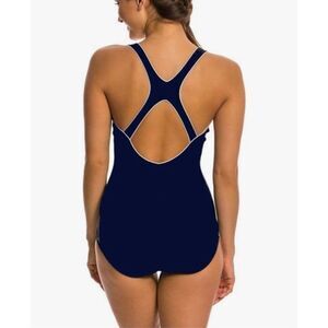 Speedo Women's Size L One Piece Swimsuit Dark Blue Sporty Keyhole Racerback
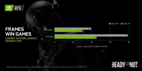 2022年3月15日,NVIDIA宣布为《影子武士3》(Shadow Warrior 3)和《严阵以待》(Ready or Not)引入NVIDIA Reflex支持,为GeForce玩家降低系统延迟。在《影子武士3》(Shadow Warrior 3)中启动Reflex可将系统延迟降低56%,在《严阵以待》(Ready or Not)中启动Reflex可将系统延迟降低42%。降低系统延迟将帮助玩家提高游戏中的竞技表现。
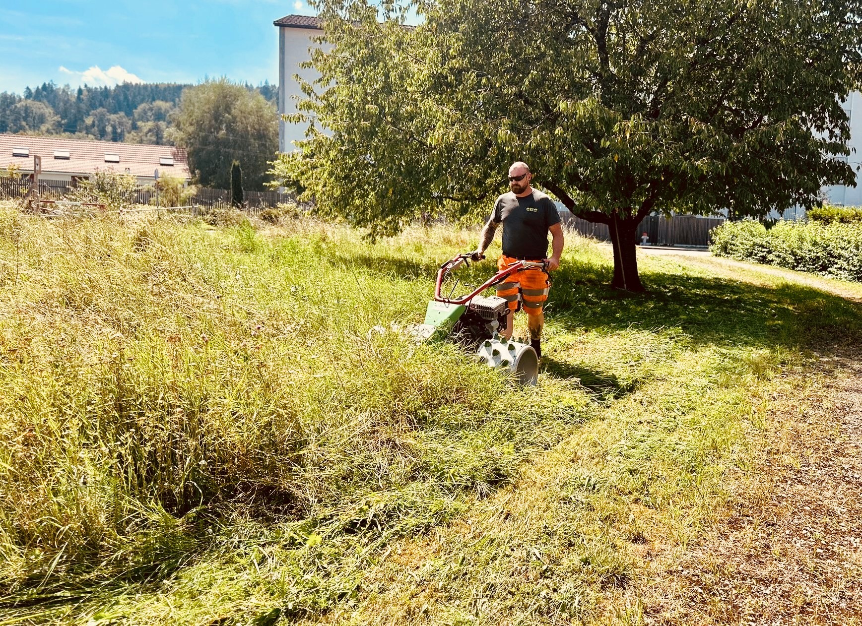 Unbewirtschaftete Böschungen und Grünflächen sind wertvoll für Pflanzen und Insekten. Hauptsächlich wirken wir hier der unkontrollierten Verbuschung entgegen. Dabei roden wir nicht einfach ab, was stört, sondern schneiden Gras, Büsche und Bäume sorgfältig von Hand oder mit geeigneten Geräten zurück. Unsere Mitarbeiter sind sensibilisiert auf eine nachhaltige Landschaftspflege.
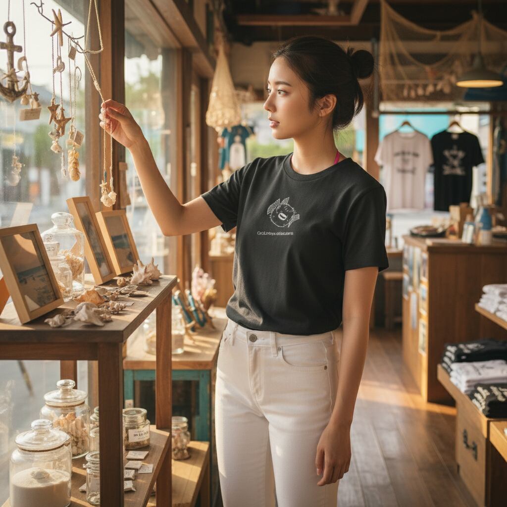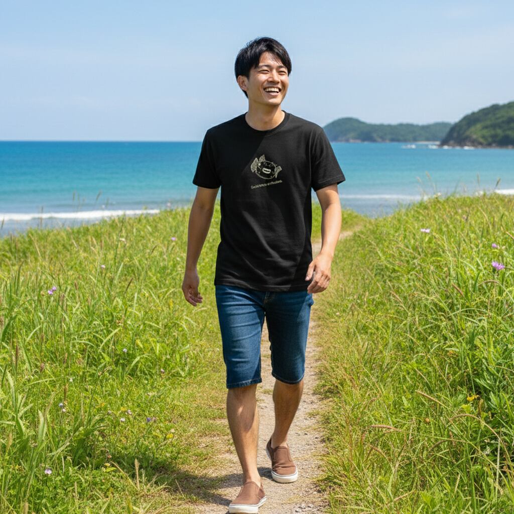 ちょっとおまぬけな感じもする愛らしい笑顔のメイタイシガキフグを胸元に楽しい一日を過ごしてみるのはいかがでしょうか?
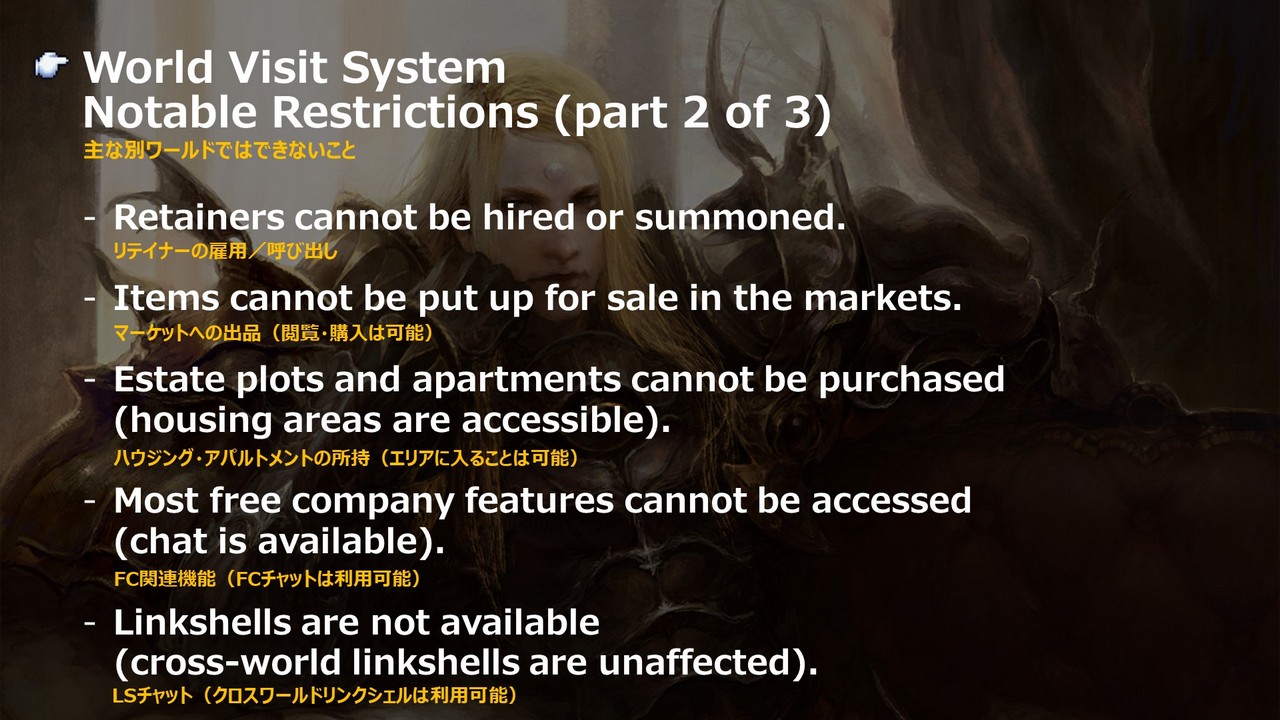 Since there are various things that can be done while inside the Destination World, we went over the restrictions you have while visiting another World.
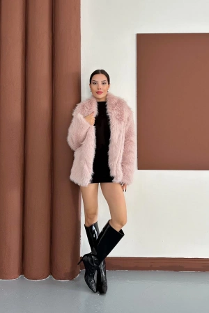 Kış gardırobunuza anında lüks ve zarafet katacak bu pembe suni kürk ceket ile tanışın. Yüksek kaliteli, yumuşacık peluş dokusu sayesinde hem sıcacık kalacak hem de iddialı bir stil yaratacaksınız.

WHAT YOU ARE ASKED TO DO
Each entry above must be printed exactly, apart from its pictures.

ANSWER SPACE
 Speedo Women's Size L One Piece Swimsuit Dark Blue Sporty Keyhole Racerback
 2022年3月15日,NVIDIA宣布为《影子武士3》(Shadow Warrior 3)和《严阵以待》(Ready or Not)引入NVIDIA Reflex支持,为GeForce玩家降低系统延迟。在《影子武士3》(Shadow Warrior 3)中启动Reflex可将系统延迟降低56%,在《严阵以待》(Ready or Not)中启动Reflex可将系统延迟降低42%。降低系统延迟将帮助玩家提高游戏中的竞技表现。
 Unbewirtschaftete Böschungen und Grünflächen sind wertvoll für Pflanzen und Insekten. Hauptsächlich wirken wir hier der unkontrollierten Verbuschung entgegen. Dabei roden wir nicht einfach ab, was stört, sondern schneiden Gras, Büsche und Bäume sorgfältig von Hand oder mit geeigneten Geräten zurück. Unsere Mitarbeiter sind sensibilisiert auf eine nachhaltige Landschaftspflege.
 ちょっとおまぬけな感じもする愛らしい笑顔のメイタイシガキフグを胸元に楽しい一日を過ごしてみるのはいかがでしょうか?
 Since there are various things that can be done while inside the Destination World, we went over the restrictions you have while visiting another World.
 Kış gardırobunuza anında lüks ve zarafet katacak bu pembe suni kürk ceket ile tanışın. Yüksek kaliteli, yumuşacık peluş dokusu sayesinde hem sıcacık kalacak hem de iddialı bir stil yaratacaksınız.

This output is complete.